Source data
>>>>>

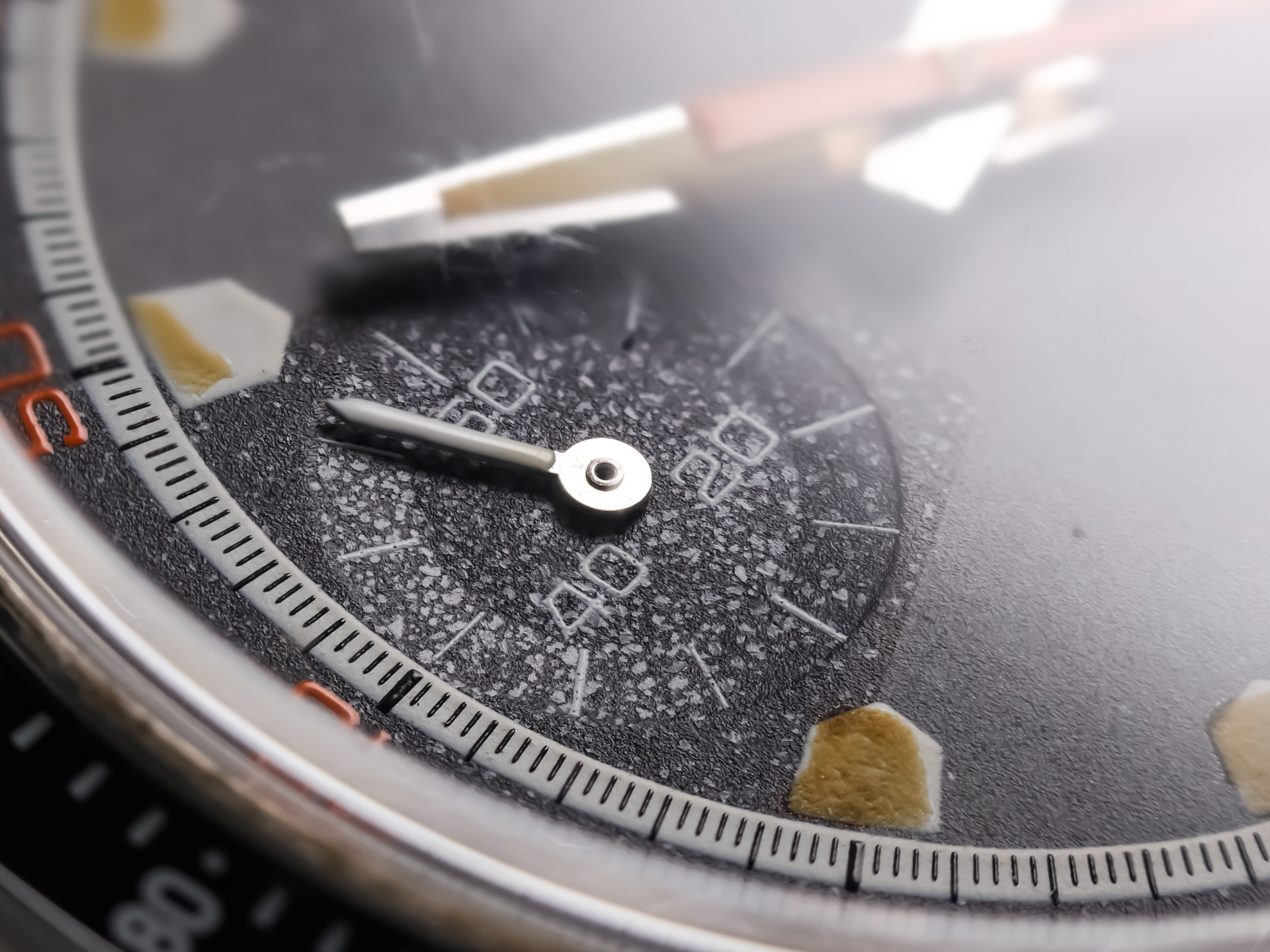 The standout feature of this reference is its iconic “Homeplate” dial, named after the unique pentagonal hour markers reminiscent of a baseball home plate. Executed in a rich grey tone, the dial is enhanced by contrasting chronograph registers and warm tritium lume and so are the Tritum hands, which has aged gracefully over time. The result is a dial full of depth, character, and unmistakable vintage charm.
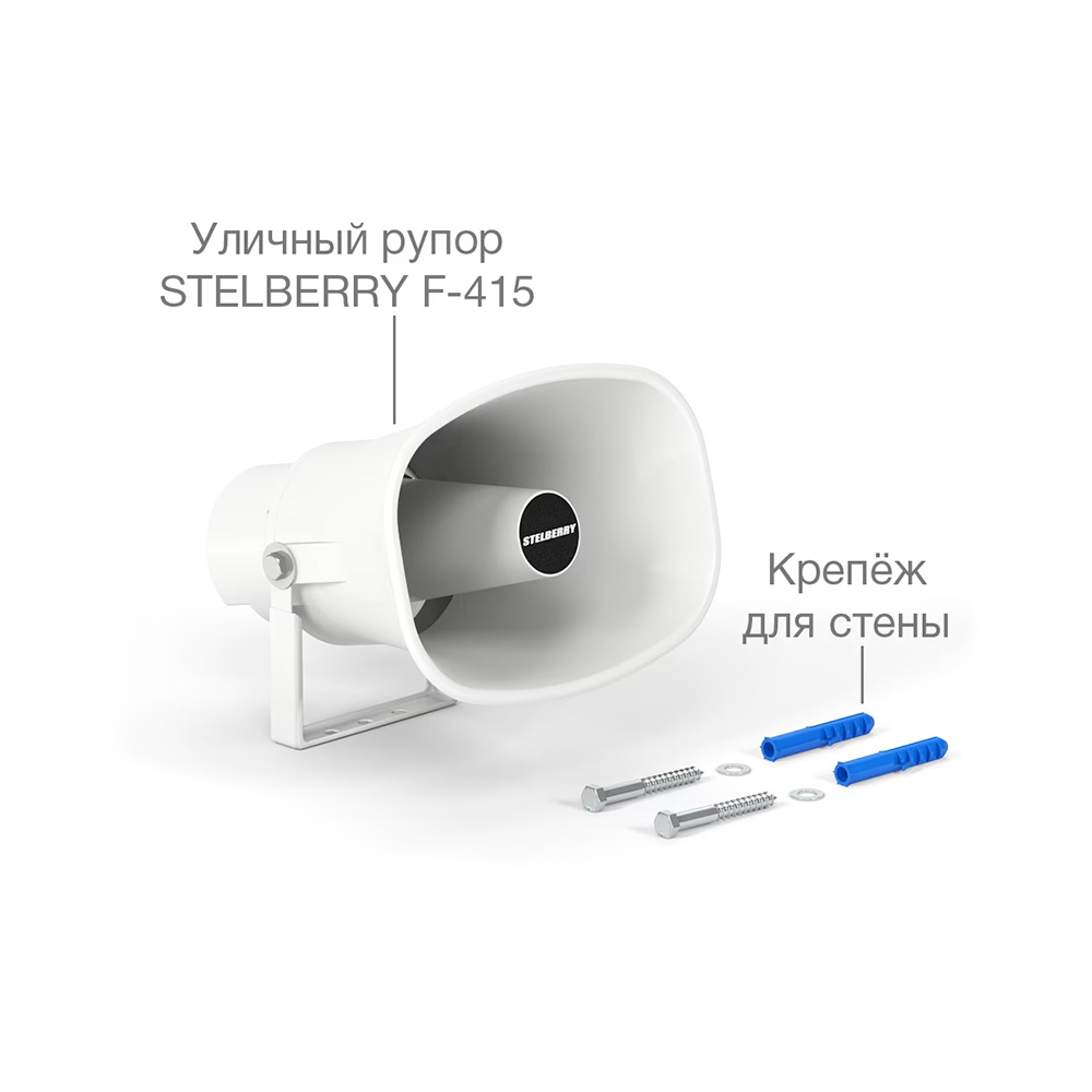 Рупорный громкоговоритель STELBERRY F-430 предназначен для построения систем громкого или речевого оповещения и музыкальной трансляции складов, спортивных площадок, автозаправочных станций, парков.
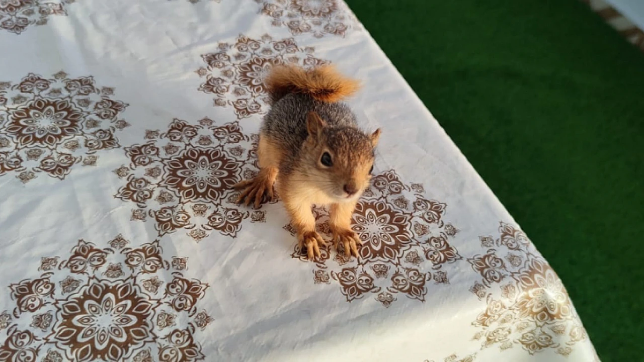 Elazığ'da Cuma Gürevin isimli vatandaş, 3 hafta önce köy yolunda kedilere yem olmak üzere olan yavru bir sincap bularak yanına alıp evinde beslemeye başladı. Cuma Gürevin, sevimli hayvanla kurduğu dostluk renkli görüntüler oluşturuyor.
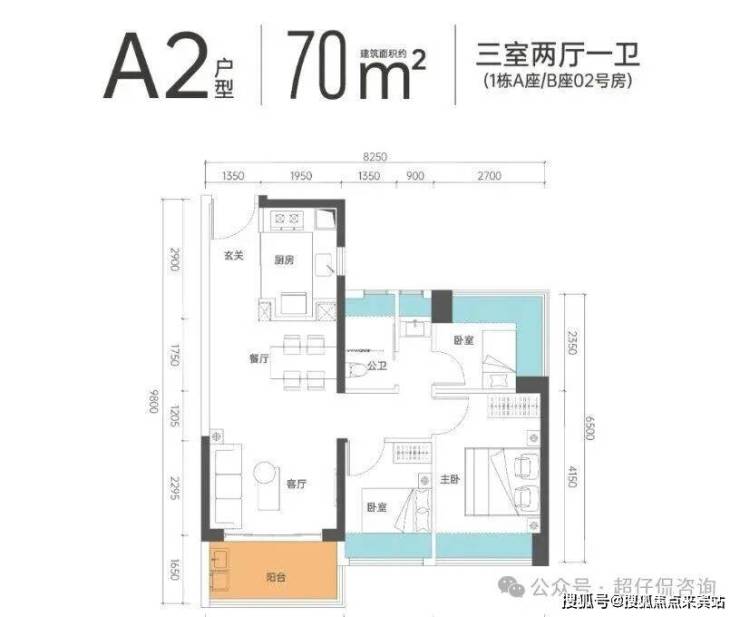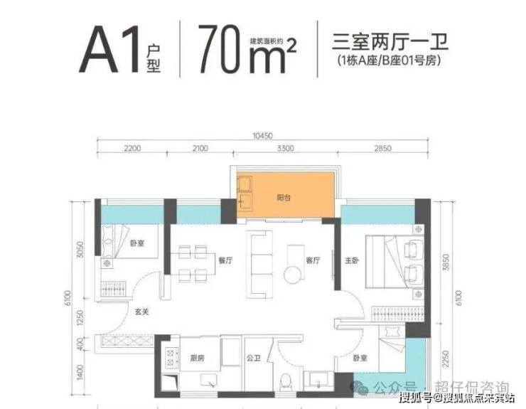 A1户型-70㎡的2房1卫,设计的竖厅格局,客厅3.3米开间,U型阳光厨房,有西南及东南朝向。
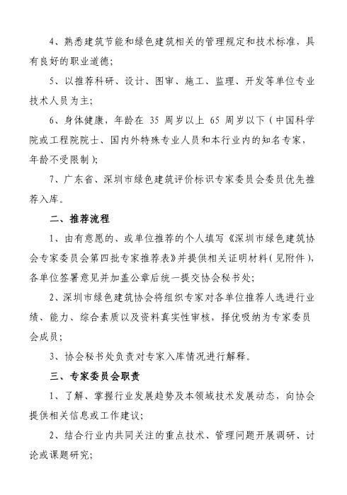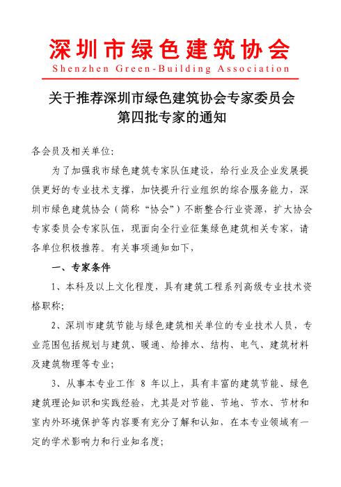 關(guān)于推薦深圳市綠色建筑協(xié)會(huì)專家委員會(huì)第四批專家的通知
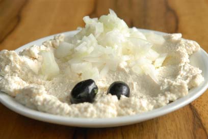 - כשמוכן, טועמים לתיקון תיבול, מקפלים פנימה בצל או שמגישים אותו בערימה (קטנטונת) בצד האיקרה, מקשטים ממעל בזית שחור אחד וחייבים, ממש חייבים, לחם לבן פשוט בפרוסות עבות.
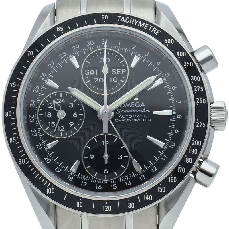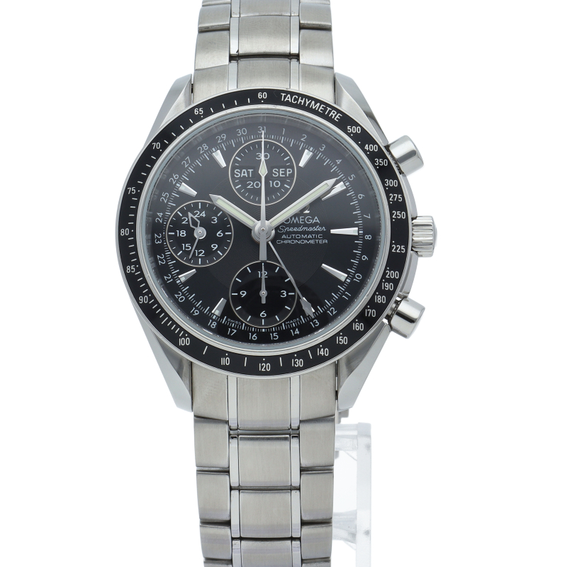 オメガの人気「スピードマスター」。クロノグラフ、月・日・曜日表示機能がついた便利な多機能ウォッチ。モデルチェンジに伴い高級感がアップした1本。
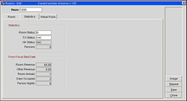 Select Configuration>Reservations>Room Classifications>Rooms to set up and manage room configurations for the property.  (You can also access this screen by selecting Configuration>Reservations>Function Space Classifications>Function Space when the OPS<version number> OPERA S&C license is active.)  On the Rooms - New or Rooms - Edit screen, the Statistics tab holds statistical information about the room you are currently configuring.

<<<<<

## TASK TO CARRY OUT
Each line from the one that contains "Рупорный громкоговоритель STELBERRY" down to the one that contains "關(guān)于推薦深圳市綠" is to be returned exactly as it stands above, both ends included, with pictures removed.

## SOLUTION BELOW
 Рупорный громкоговоритель STELBERRY F-430 предназначен для построения систем громкого или речевого оповещения и музыкальной трансляции складов, спортивных площадок, автозаправочных станций, парков.
 Elazığ'da Cuma Gürevin isimli vatandaş, 3 hafta önce köy yolunda kedilere yem olmak üzere olan yavru bir sincap bularak yanına alıp evinde beslemeye başladı. Cuma Gürevin, sevimli hayvanla kurduğu dostluk renkli görüntüler oluşturuyor.
 A1户型-70㎡的2房1卫,设计的竖厅格局,客厅3.3米开间,U型阳光厨房,有西南及东南朝向。
 關(guān)于推薦深圳市綠色建筑協(xié)會(huì)專家委員會(huì)第四批專家的通知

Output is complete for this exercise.